在实践中发现startMethodTracing()会使得被插 app 变成卡的 1B，经查阅官方文档大致总结如下：
大致意思是如果使用startMethodTracing() 抓取 trace 会对 app 有一定性能影响，不能将得到的 trace 分析耗时当作实际结果，建议当做参考值，在今后的迭代中可以进行周期性的比对，从而分析 code 的较之前的耗时为增高或降低，在 Android4.4 及以后加入了startMethodTracingSampling()，其实是 API21 之后加入，即 Andoid5.0，不知是否是 Google 文档的错误，使用这个方法你可以定义采样间隔，单位是微秒，经实践，这个方法确实对性能的影响几乎感知不到，或者说几乎没有影响，但这也仍然建议标为参考值.

原文如下：
When your application calls startMethodTracing(), the system creates a file called .trace. This contains the binary method trace data and a mapping table with thread and method names.

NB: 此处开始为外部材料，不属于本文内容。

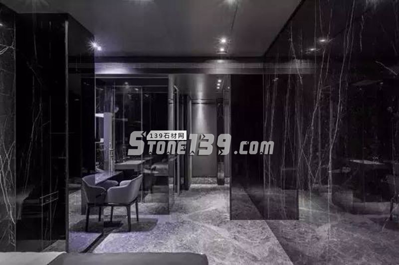 黑色大理石在室內(nèi)空間的表現(xiàn),通常亦高貴亦冷酷。
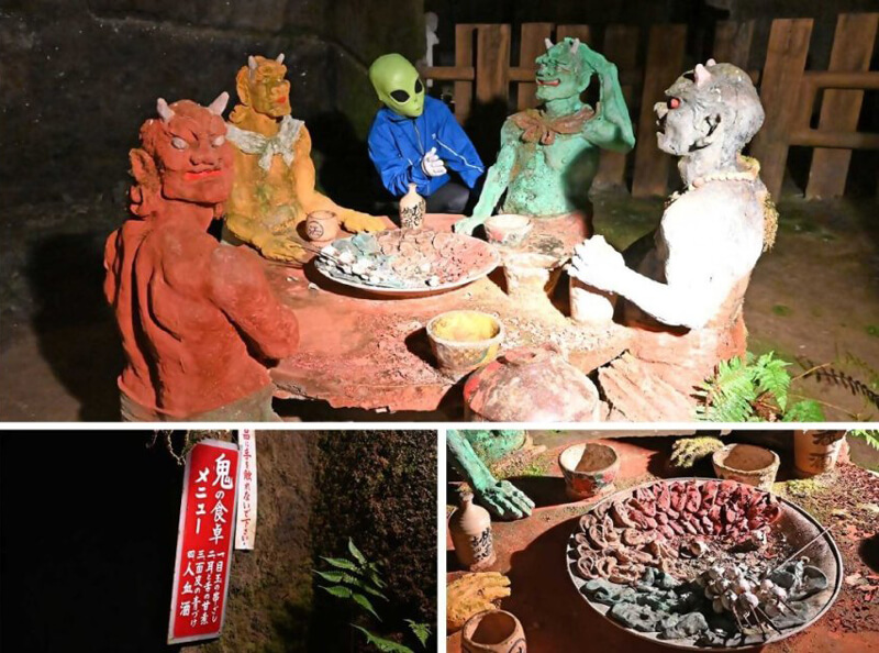 「都賀田勇馬さんは、明治24年生まれ、東京美術学校(現・東京藝術大学)で学び、帝展や日展などでも活躍した石川県を代表する作家デス。ここで地獄巡りや独特の世界観を体験し、ユニークな映え写真もたくさん撮影できるのは、芸術家が創り上げた超リアルで本気の作品があってこそデス」とサンダーくん。

The system then begins buffering the generated trace data, until your application calls stopMethodTracing(), at which time it writes the buffered data to the output file. If the system reaches the maximum buffer size before you callstopMethodTracing(), the system stops tracing and sends a notification to the console.

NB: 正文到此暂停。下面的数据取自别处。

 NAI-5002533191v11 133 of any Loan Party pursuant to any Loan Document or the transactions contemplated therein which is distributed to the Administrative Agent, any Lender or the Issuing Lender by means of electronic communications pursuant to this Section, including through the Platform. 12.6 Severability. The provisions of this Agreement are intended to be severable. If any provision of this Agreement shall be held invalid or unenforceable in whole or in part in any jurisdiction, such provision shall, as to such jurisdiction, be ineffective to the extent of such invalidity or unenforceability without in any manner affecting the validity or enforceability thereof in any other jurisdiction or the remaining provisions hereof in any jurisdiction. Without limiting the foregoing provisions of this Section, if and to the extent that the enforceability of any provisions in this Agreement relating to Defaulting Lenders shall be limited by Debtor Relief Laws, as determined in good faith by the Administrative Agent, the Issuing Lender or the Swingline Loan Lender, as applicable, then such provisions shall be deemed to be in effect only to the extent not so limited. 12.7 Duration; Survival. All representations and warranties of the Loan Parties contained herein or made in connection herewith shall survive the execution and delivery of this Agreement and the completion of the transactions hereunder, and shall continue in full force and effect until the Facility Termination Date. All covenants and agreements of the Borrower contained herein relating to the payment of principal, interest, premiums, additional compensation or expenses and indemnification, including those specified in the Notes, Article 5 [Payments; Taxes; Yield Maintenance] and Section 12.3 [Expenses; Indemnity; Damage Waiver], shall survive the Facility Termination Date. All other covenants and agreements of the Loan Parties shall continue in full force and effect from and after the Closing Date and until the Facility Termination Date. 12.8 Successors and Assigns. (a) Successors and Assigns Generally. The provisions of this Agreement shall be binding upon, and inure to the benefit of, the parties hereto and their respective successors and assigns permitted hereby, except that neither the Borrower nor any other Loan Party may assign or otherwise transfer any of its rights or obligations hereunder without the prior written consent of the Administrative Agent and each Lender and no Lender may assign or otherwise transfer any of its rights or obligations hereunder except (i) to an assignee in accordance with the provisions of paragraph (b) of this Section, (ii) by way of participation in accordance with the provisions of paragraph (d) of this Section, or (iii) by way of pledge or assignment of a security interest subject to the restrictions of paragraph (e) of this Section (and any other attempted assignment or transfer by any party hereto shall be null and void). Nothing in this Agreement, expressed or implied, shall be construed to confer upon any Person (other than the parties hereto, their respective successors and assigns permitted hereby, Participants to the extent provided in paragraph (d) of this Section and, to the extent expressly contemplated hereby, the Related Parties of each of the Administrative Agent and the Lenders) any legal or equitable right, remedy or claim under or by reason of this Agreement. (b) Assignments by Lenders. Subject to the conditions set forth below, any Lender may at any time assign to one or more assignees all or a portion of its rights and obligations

Interpreted code runs more slowly when profiling is enabled. Don't try to generate absolute timings from the profiler results (such as, "function X takes 2.5 seconds to run"). The times are only useful in relation to other profile output, so you can see if changes have made the code faster or slower relative to a previous profiling run.

In Android 4.4 and later, you can use sample-based profiling to profile with less runtime performance impact. To enable sample profiling, call startMethodTracingSampling() with a specified sampling interval. The system will then gather samples periodically until tracing is stopped via stopMethodTracing().

实践部分：
我们希望可以拿到所有方法的耗时，这一点实现很简单，但我们同时也希望对场景下所对应触发的方法进行做对应关系，即，一个场景 —> 可能涉及多个 activity ，一个 Activity —> 可能触发多个方法，那么我们就将 Activity 作为方法分类的最小单位，因此问题就变为，我们要抓取以 activity 为单位的方法集合耗时，即以 activity 为单位去记录 trace 文件。

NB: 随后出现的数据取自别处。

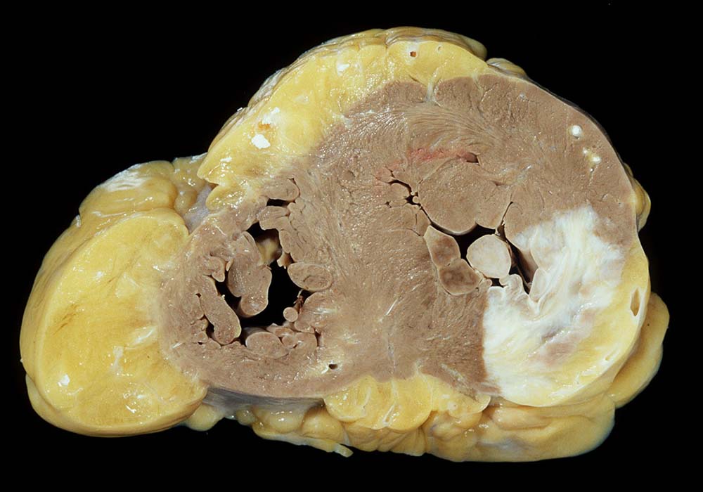 Eine restitutio ad integrum nach abgelaufener Myokardnekrose ist nicht möglich. Wird das Ischämieereignis überlebt, kommt es zu einer reparativen Regeneration mit Ersatz der Muskulatur durch kollagenreiches Narbengewebe. Dieser Vorgang setzt etwa ab dem 9. Tag nach Infarkt ein und dauert bis zur vollständigen narbigen Ausheilung bei transmuralem Infarkt etwa 50 Tage. Makroskopisch imponiert die Narbe als fasriges weisses derbes Areal. Von einem Infarkt spricht man, wenn die Nekroseareale einen Durchmesser von mindestens 3cm Durchmesser haben. Ab dieser Grösse kann klinisch das Bild eines Myokardinfarktes ausgelöst werden. Kleinere, makroskopisch sichtbare Narben werden als grobfleckige Myokardfibrose ( 873)( 234) bezeichnet.

考虑对后续插撞的可维护及扩展性考虑，我起了一个项目去开发 sdk jar，供开发今后调用，
其中封装了调用 TraceView 的启动结束方法，在项目中所有的基 Activity(例如：各种 BaseActivity) 的onCreate()和onPause()中分别加入启动和结束的代码桩，trace 文件以 activity 名命名。

插桩代码:

@Override
protected void onCreate(Bundle savedInstanceState) {
Log.d("5858", "startBaseFragmentActivity");
TraceViewController.startMethodTracingSampling(getApplicationContext(), 8000000, 10);
super.onCreate(savedInstanceState);
mBaseActivityWrapper = new BaseActivityWrapper(this);
mBaseActivityWrapper.onCreate(savedInstanceState);
}
@Override
protected void onPause() {
Log.d("5858", "stopBaseFragmentActivity");
TraceViewController.stopMethodTracing();
super.onPause();
isPause = true;
mBaseActivityWrapper.onPause();
}

为什么选择这两个位置插撞？:
例如对场景：ActivityA（简称 a）-> ActivityB（简称 b）的跳转分析如下：
a 展现：
a.onCreate() -> a.onStart() -> a.onResume()
a 跳转至 b 展现：
a.onPause() -> b.onCreate() -> b.onStart() -> b.onResume() -> a.onStop()
从上述 a activity 的展现过程可看出以onCreate()开始以onResume()结束，但是考虑到异步函数可能在onResume()前还未完成，不一定会统计的到，所以我们会将结束点往后移至onPause()，但这在极端条件下也会有可能统计不到异步函数的操作，至少我们是可控的，我们知道onPause()是在 a 跳转后立即执行，那么我们完全可以在 a 多等一会儿或者通过某种校验方式去完成等待，这样就会避免异步函数统计的丢失.
注意：当 a 跳转到 b 后，a.trace 完成收集，b.trace 还在记录中，如果你还需要记录 b.trace 文件，可以 back 到 a，或者点击 Home 键，总之离开当前页触发 onPaue() 即可
这样我们最终得到的对应关系: 业务场景 ActivityA 跳转至 ActivityB => "ActivityA -> a.trace -> a.methods" && "ActivityB -> b.trace -> b.methods"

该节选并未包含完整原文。